I. Sachverhalt, Beschwerde und Vorverfahren

1. Die Beschwerdeführerin ist Staatsangehörige Afghanistans und stellte am 11. März 2024 in der Österreichischen Botschaft in Teheran einen Antrag auf Erteilung eines Aufenthaltstitels "Rot-Weiß-Rot – Karte plus", auf Grund des Aufenthaltstitels "Daueraufenthalt-EU" des zusammenführenden Vaters, *** (im Folgenden: der Zusammenführende).

2. Mit Bescheid des Landeshauptmannes der Steiermark vom 28. August 2024 wurde dieser Antrag mangels ausreichender finanzieller Mittel gemäß §11 Abs2 Z4 NAG abgewiesen. Gegen diesen Bescheid erhob die Beschwerdeführerin Beschwerde und brachte im Wesentlichen vor, dass die belangte Behörde das Verfahren absichtlich bis zur Volljährigkeit der Beschwerdeführerin, die zum Zeitpunkt der Antragstellung noch minderjährig gewesen sei, verzögert habe. Das Landesverwaltungsgericht Steiermark wies die Beschwerde mit Erkenntnis vom 21. Jänner 2025 als unbegründet ab.

2.1. Begründend führte das Landesverwaltungsgericht im Wesentlichen aus, dass einem Fremden ein Aufenthaltstitel gemäß §11 Abs2 Z4 NAG nur dann erteilt werden dürfe, wenn der Aufenthalt des Fremden zu keiner finanziellen Belastung einer Gebietskörperschaft führen könne. Als Einkommen zähle jede Geldleistung, die dem Antragsteller zur Verfügung steht. Es seien nicht "Momentaufnahmen" von Bedeutung, sondern Durchschnittswerte im Sinne einer Prognoseentscheidung heranzuziehen, um etwaige saisonale Schwankungen berücksichtigen zu können. Die Beurteilung, ob ausreichende Existenzmittel vorhanden sind, unterliege einer Einzelfallprüfung unter Berücksichtigung der individuellen Umstände.

In Anbetracht des Umstandes, dass der Zusammenführende derzeit und über längere Zeit im Jahr 2024 arbeitslos gewesen sei, liege keine lediglich geringfügige Unterschreitung des erforderlichen Mindesteinkommens vor.
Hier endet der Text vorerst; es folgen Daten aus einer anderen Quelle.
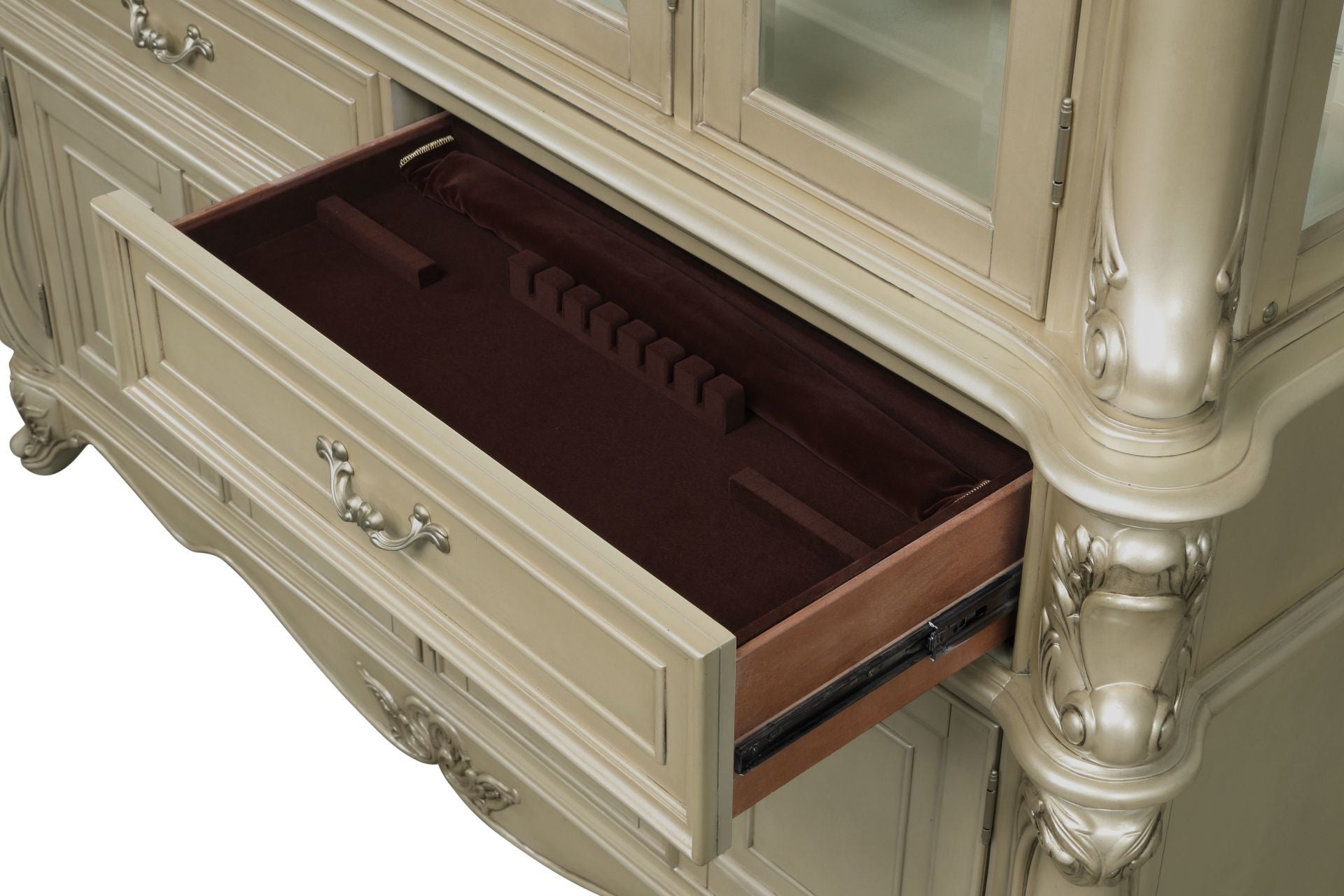 The Monique China Buffet in Champagne is a perfect blend of timeless elegance and robust craftsmanship. This exquisite piece is crafted from poplar solids and birch veneers, ensuring exceptional strength and durability. Reflecting the opulence of classic Baroque furniture, the buffet features intricate detailing and ornate carvings that embody a sense of grandeur. Its elegant curved lines and elaborate design elements enhance its sophisticated look, making it a striking centerpiece for any dining room. The multi-step champagne finish, meticulously applied, highlights the natural beauty of the wood, while antique gold glazing accentuates the intricate moldings and carvings. Inside, quality craftsmanship continues with two drawers featuring dovetail joinery, full extension glides, and velvet lining to protect your silver serving pieces. Thoughtful extras include a removable silverware caddy, making table setting more convenient. Add the Monique China Buffet to your dining space and experience unparalleled elegance and functionality.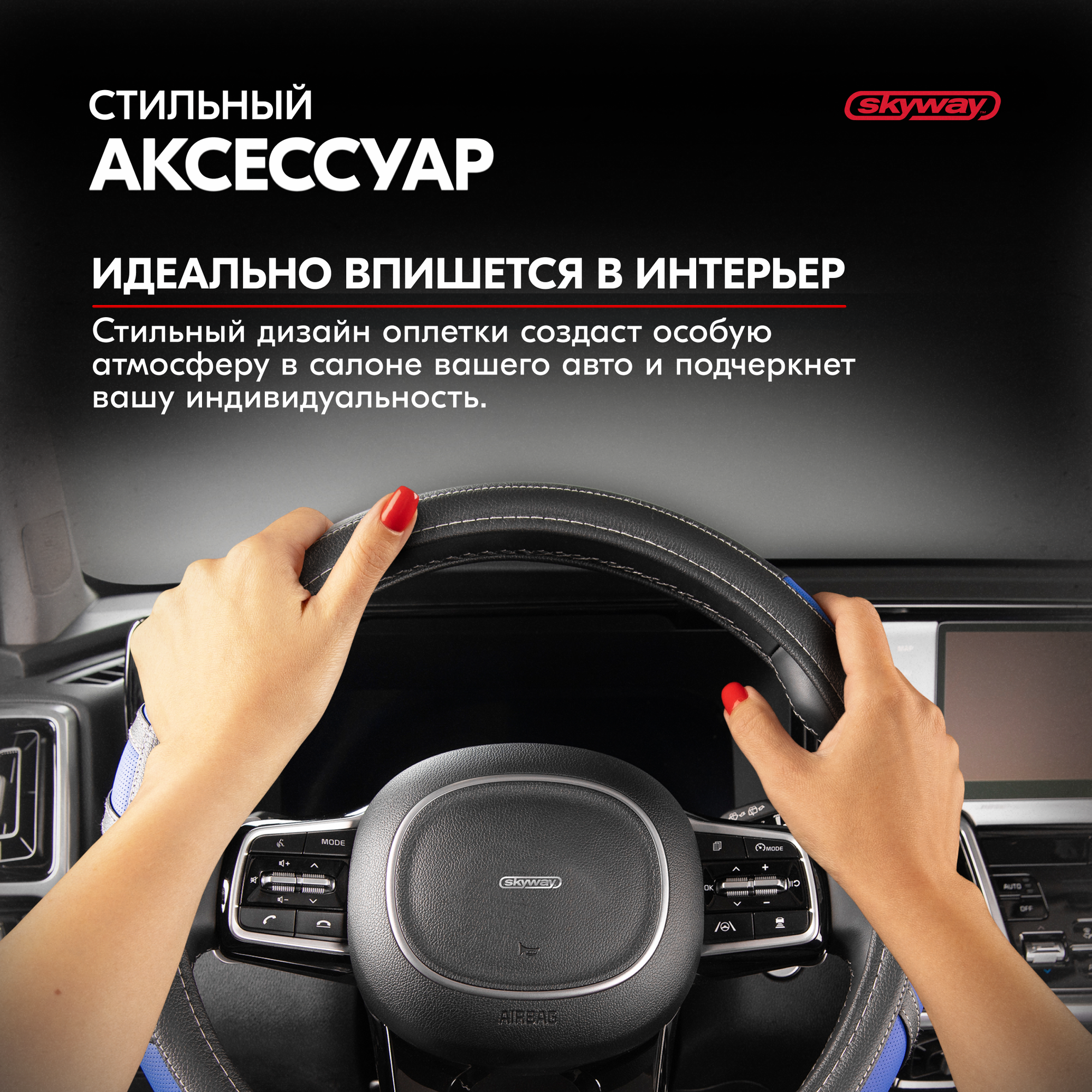 SKYWAY S01102065 Оплетка руля M 37-38см. экокожа Combo-2 Черно-Синяя спорт SKYWAY (S01102065)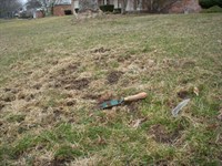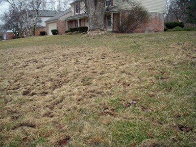 You may see summer's and fall's symptoms or there may be spots that are totally bare, where grubs fed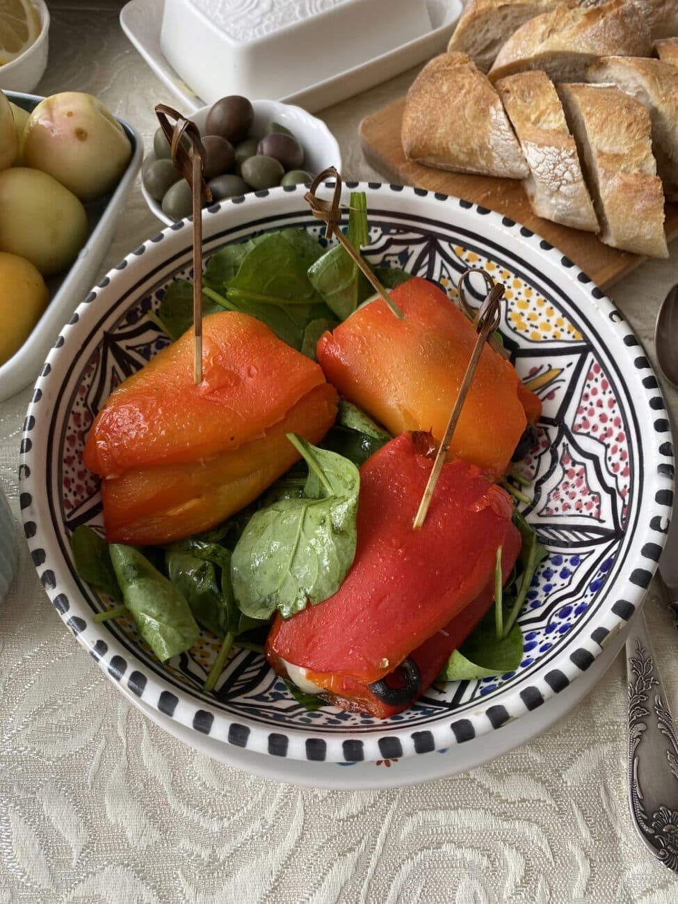 Можно подавать перец с халуми, как закуску, а можно уложить на "подушку" из зелени шпината, получается что-то вроде салата, все по вкусу. Приятного аппетита!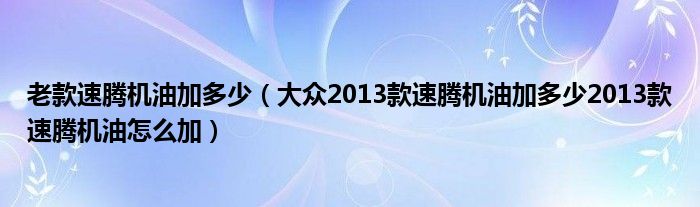 老款速騰機(jī)油加多少(大眾2013款速騰機(jī)油加多少2013款速騰機(jī)油怎么加)
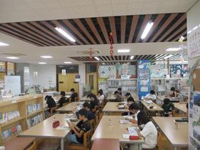 業間休みには多くの児童が図書室に来て本を読んでいます。 ゆっくり読書ができる過ごしやすい季節になるにはまだ少しかかりそうですが、友達と読書を楽しむ姿が見られました。 |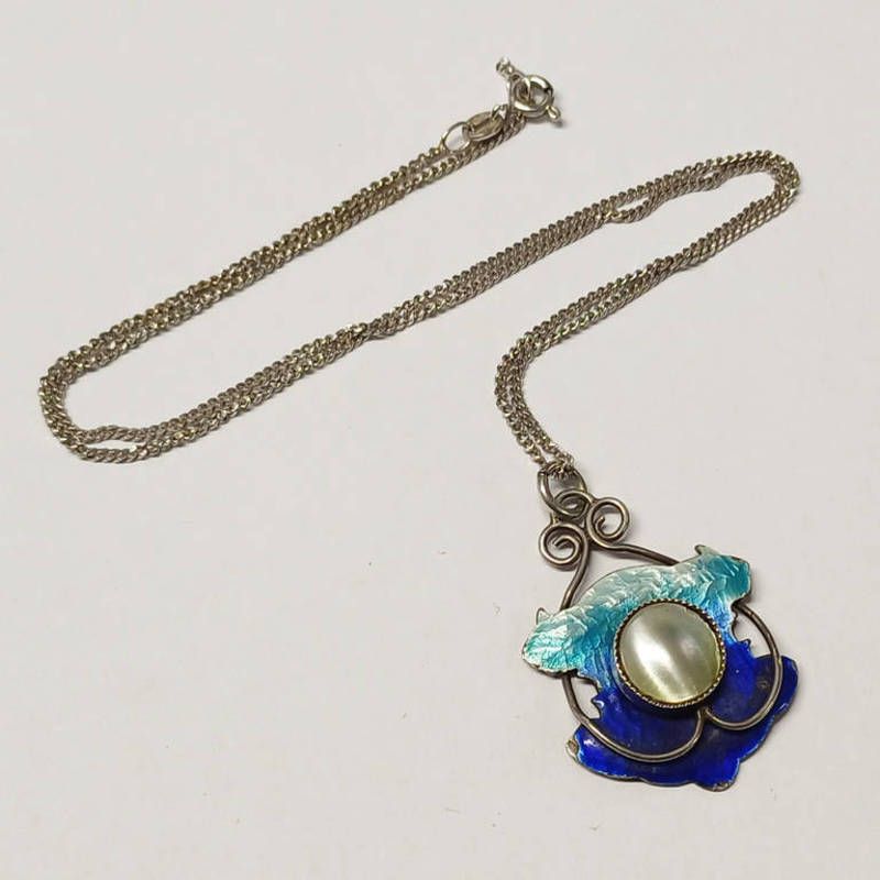 Arts & crafts style sterling silver & enamel pendant with mother of pearl set panel to centre on a silver chain

2.2. Im Hinblick auf das Privat- und Familienleben der Beschwerdeführerin führt das Landesverwaltungsgericht lediglich aus:

"Den trotz der zweifellos bestehenden familiären Bindungen, somit persönlichen Interessen der Beschwerdeführerin steht die aus der Verwirklichung des Versagungsgrundes iSd §11 Abs2 Z4 NAG resultierende Gefährdung öffentlicher Interessen gegenüber.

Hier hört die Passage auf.